Home / Umum / FITNA: TUNGGULAH SAMPAI WAKTU MATA MEREKA TERBELALAK

FITNA: TUNGGULAH SAMPAI WAKTU MATA MEREKA TERBELALAK

Oleh: Ahmed Zain Oul Mottaqin 

“Ya akhee ya ukhtee, penyair Iraq bernama Ahmad an Nu’aimy digantung Iran lantaran membongkar kesesatan Syi’ah.”

Sudah pernah mendengar kabar tersebut? Atau bahkan sudah pernah di-tag kawan-kawan anda tentang kabar tersebut?

Pada 2015 ini di medsos begitu bertebaran fitnah ini, bahkan media (specialis) fitnah seperti Pkspiyungan dan NU Garis Lurus juga ikut menyebarkannya.

Kenyataannya, kabar tersebut adalah Hoax dan foto yang digunakan pun berasal dari tahun 2011 dimana itu merupakan foto seorang sopir yang terbukti melakukan pembunuhan berencana terhadap 5 orang wanita dan merampas perhiasannya. Bisa dibaca di: DISINI

Atau dari situs aslinya  berbahasa Persia yang terbit pada: sabtu, 28 Mei 2011: DISINI

Atau kalau anda tidak mau susah, ini link yang sudah di terjemahkan Google dari bahasa Persia ke Indonesia : Di Sini

Sudah berapa ribu orang yang tertipu? Sudah berapa ribu orang yang turut menyebarkan fitnah “syariah” tersebut?

Gw ga pernah masalah sama kaum yang berbeda mazhab bahkan agama dengan gw, tapi gw SANGAT BERMASALAH dengan kaum yang doyan menebar fitnah ini.

Biar gw jelasin, biar kita semua sadar bahwa persoalan fitnah bukanlah hal remeh dan anda tidak bisa “santai” saja dalam menghadapi ini.

Fitnah, tahukah anda apa itu fitnah?

Fitnah adalah hal yang mungkin kecil di mata manusia tapi hal yang AMAT BESAR di mata Tuhan (padahal Tuhan sendiri sudah Maha Besar).

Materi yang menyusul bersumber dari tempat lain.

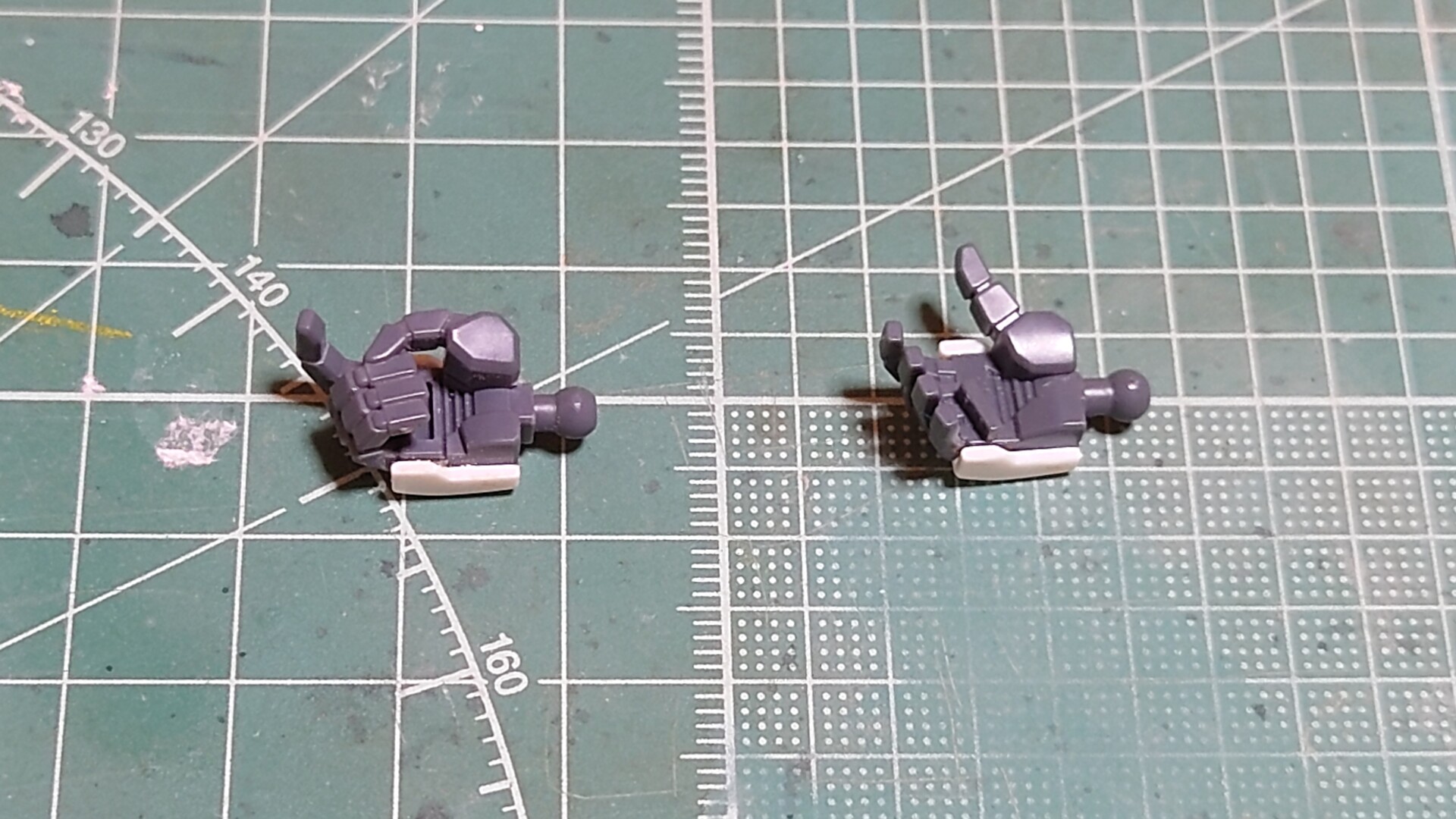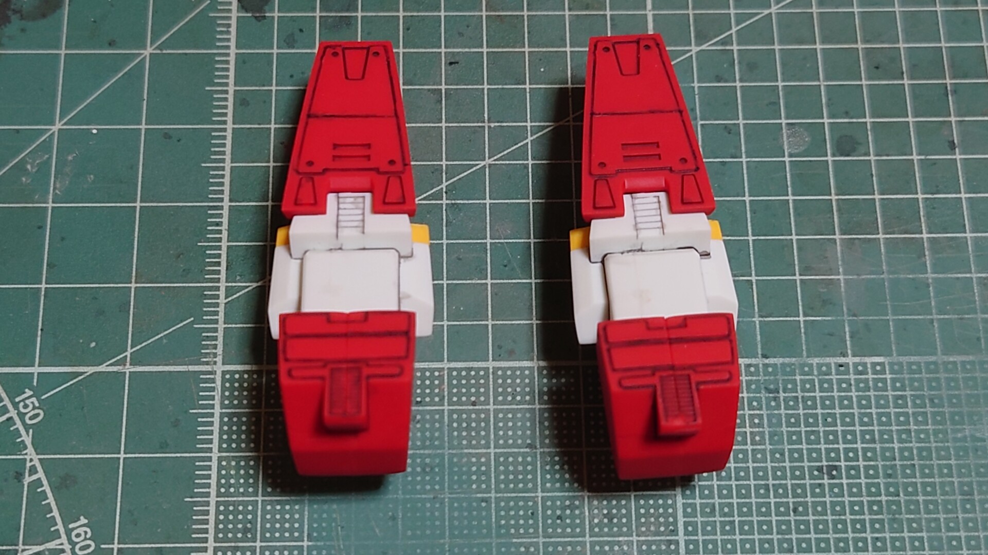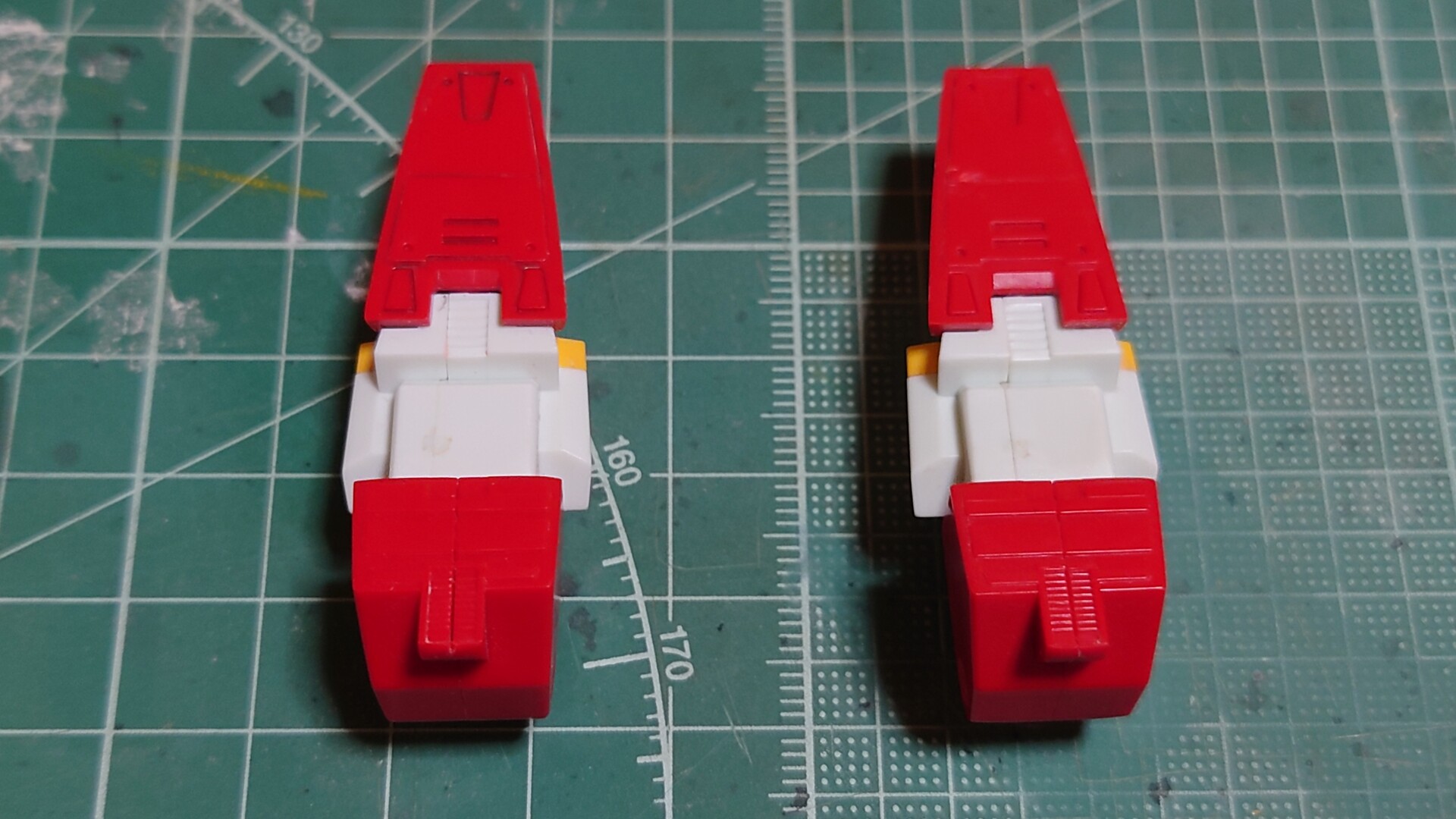 写真を撮り忘れたので少し端折ってしまいますが、足の白いパーツの合わせ目を消して、パーツを組みつけながら段階的に合わせ目を処理していくという、結構面倒な作業でした(^_^;)

Allah telah berfirman “Idztalaqqownahu bi alsinatikum wataquuluuna bi afwaahikum ma laysa lakum bihi ‘ilmun wa tahsabuunahu hayyinaw wahuwa ‘indallahi ‘adhim” >> (Ingatlah) ketika kalian menyebarkan berita (bohong) itu dari lidah ke lidah, kalian katakan dengan mulut kalian perkara yang sama sekali tidak kalian ketahui; kalian sangka bahwa hal demikian adalah perkara kecil saja, padahal dia adalah perkara yang AMAT BESAR di mata Allah.


Membuat fitnah dan turut menyebarkan fitnah itu sangat gampang hari ini. Hanya tinggal klik maka ‘argo’ dosamu berjalan. Makanya gw pernah bilang dalam memfitnah itu hanya butuh jari bukan otak, tinggal baca, percaya dan klik share ribuan orang pun sudah turut menerima kabar dusta yang anda sebarkan.

Sebagaimana bisnis, Fitnah adalah “Dosa Multi Level”, bahasa kerennya adalah dosa jariyyah. Dosa yang argonya akan terus mengalir tanpa anda sadari, bahkan ketika anda sedang tidur sekalipun. Bahkan ketika anda sudah mati pun dosa itu akan terus mengalir selama masih ada orang yang mempercayai ataupun turut menyebarkan fitnah yang anda buat maupun sekedar anda sebarkan.

Bayangkan kelak di Hari Perhitungan anda bangga membawa amal shalat yang tidak pernah bolong, puasa, zakat, sedekah, bahkan tahajjud tiap malam, tapi di Yaumul Mizan semua itu sia-sia belaka lantaran dosa jariyyah dari puluhan/ratusan bahkan jutaan orang yang turut menyebarkan fitnah yang anda bagikan tanpa sadar dan terus jalan argonya.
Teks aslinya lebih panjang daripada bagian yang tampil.